Show a summary per file

File	Description
python/tests/cuda_skip.py	Removes the CUDA skip for the segmented_mm BLAS test.
mlx/backend/cuda/primitives.cpp	Marks `SegmentedMM` as supported on CUDA (removes NO_GPU).
mlx/backend/cuda/matmul.cpp	Adds CUDA implementation for `SegmentedMM::eval_gpu`.
mlx/backend/cuda/gemms/grouped_gemm_unaligned.cu	Adds segment-to-grouped-GEMM argument preparation kernel and CUTLASS dispatch wrapper.
mlx/backend/cuda/gemms/grouped_gemm.h	Declares `cutlass_segmented_mm` entrypoint.
benchmarks/python/segmented_mm_bench.py	Adds benchmarking and correctness checking script for segmented_mm.

💡 Add Copilot custom instructions for smarter, more guided reviews. Learn how to get started.

mlx/backend/cuda/matmul.cpp

mlx/backend/cuda/gemms/grouped_gemm_unaligned.cu

zcbenz

Thanks for implementing the missing ops! I'm not sure why the tests are failing, can you try rebasing the branch?

mlx/backend/cuda/gemms/grouped_gemm_unaligned.cu

mlx/backend/cuda/matmul.cpp

…e mismatches

Replace the host-side cuBLAS loop with a single CUTLASS grouped GEMM dispatch.
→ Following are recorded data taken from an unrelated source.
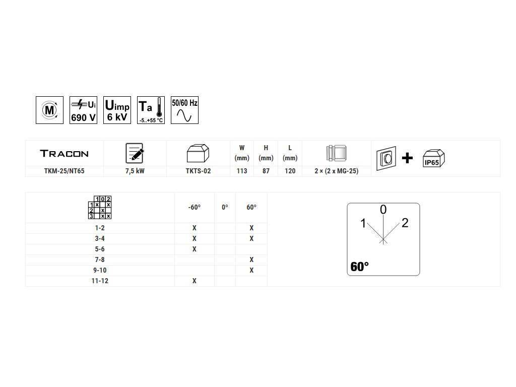 přepínač reverzační TKM-25/NT65 1-0-2 25A 7,5kW IP65
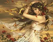 According to Nonnus' Dionysiaca, Aglaea is one of the "dancers of Orchomenus" (i.e. the Charites, per Pindar), along with Pasithea and Peitho, who attend Aphrodite. When Aphrodite jealously attempts to weave better than Athena, the Charites help her do so, with Aglaea passing her the yarn. Aglaea also acts as Aphrodite's messenger, and is sent to find and bring a message to Eros, who travels back to Aphrodite much faster because he can fly whereas Aglaea cannot. Aglaea here is referred to as a Charis (singular of Charites), but other characters not of this group are also named Charis, including by Aglaea.
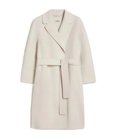 Cocoon-fit short coat featuring a darted rear waist. Coat in hand-sewn double-faced pure wool broadcloth The comfort fit tapers slightly at the hem Small lapel collar Kimono sleeves on the front and raglan sleeves at the back Matching belt In-seam side pockets Unlined model

A GPU-side prepare kernel builds per-segment problem sizes and pointer offsets from the segments array, eliminating the host sync that was required to read segment boundaries.

CUTLASS handles K=0 segments correctly: the mainloop iterates zero times and the epilogue writes zeros to the output.

Compare mx.segmented_mm (grouped GEMM) against MLX loop-of-matmuls baseline. Remove torch dependency. Add accuracy checks: fp32 vs numpy fp64, fp16/bf16 vs own fp32 result.

Co-Authored-By: Claude Opus 4.6 <noreply@anthropic.com>

Lyxot · 2026-03-11T05:57:43Z

Can't reproduce test failure on my setup

zcbenz · 2026-03-11T12:01:14Z

For failures that only happened in CI, a plausible explanation is that there are code relying on uninitialized GPU memory being zeros, but we are not going to know since it happened in a cuDNN kernel. It is also possible that we have memory corruptions or out-of-bound writes, but it should be able to reproduce locally. Anyway changing the order of tests by renaming can work around it, and I have went through the code several times and I don't think it is the problem of this PR.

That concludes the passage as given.